*** Opening Dataset excerpt ***

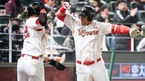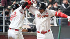 [OSEN=인천,박준형 기자] 2018 신한은행 MY CAR KBO 포스트시즌' 한국시리즈 3차전 SK 와이번스와 두산 베어스의 경기가 7일 오후 인천 미추홀구 문학동 인천 SK행복드림구장에서 열렸다.1회말 1사 1,2루 SK 로맥이 선취 3점 홈런을 날린뒤
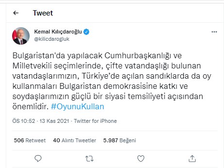 “Bulgaristan’da yapılacak Cumhurbaşkanlığı ve Milletvekili seçimlerinde, çifte vatandaşlığı bulunan vatandaşlarımızın, Türkiye’de açılan sandıklarda da oy kullanmaları Bulgaristan demokrasisine katkı ve soydaşlarımızın güçlü bir siyasi temsiliyeti açısından önemlidir.”
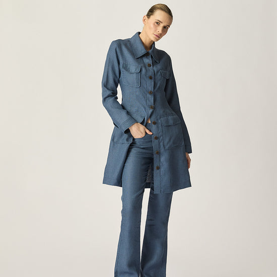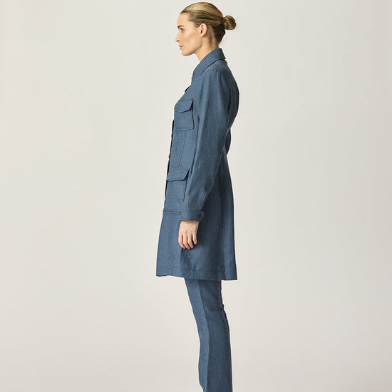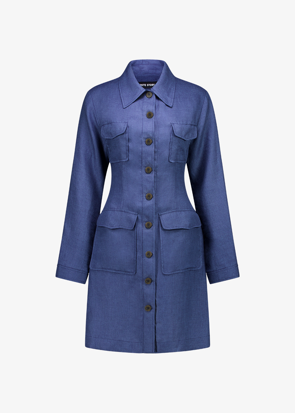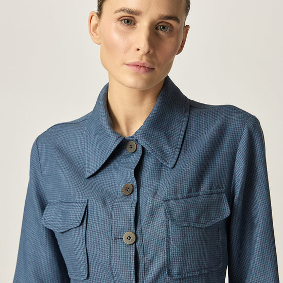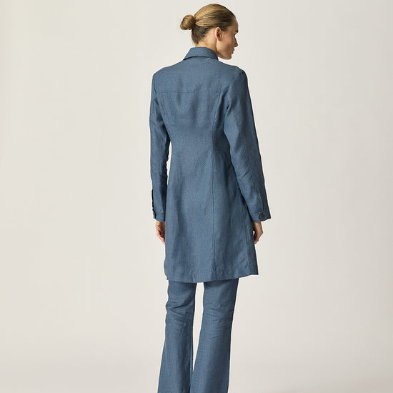 The Cairo Dress is a sharp, tailored jacket dress cut from premium Portuguese linen in a bold blue houndstooth. Featuring patch pockets, full-length sleeves, and a centre front button closure, it’s finished with a structured midi-length silhouette.

*** Closing Dataset excerpt ***

The copy must match every line of the data exactly and contain no pictures.

Answer:
 [OSEN=인천,박준형 기자] 2018 신한은행 MY CAR KBO 포스트시즌' 한국시리즈 3차전 SK 와이번스와 두산 베어스의 경기가 7일 오후 인천 미추홀구 문학동 인천 SK행복드림구장에서 열렸다.1회말 1사 1,2루 SK 로맥이 선취 3점 홈런을 날린뒤
 “Bulgaristan’da yapılacak Cumhurbaşkanlığı ve Milletvekili seçimlerinde, çifte vatandaşlığı bulunan vatandaşlarımızın, Türkiye’de açılan sandıklarda da oy kullanmaları Bulgaristan demokrasisine katkı ve soydaşlarımızın güçlü bir siyasi temsiliyeti açısından önemlidir.”
 The Cairo Dress is a sharp, tailored jacket dress cut from premium Portuguese linen in a bold blue houndstooth. Featuring patch pockets, full-length sleeves, and a centre front button closure, it’s finished with a structured midi-length silhouette.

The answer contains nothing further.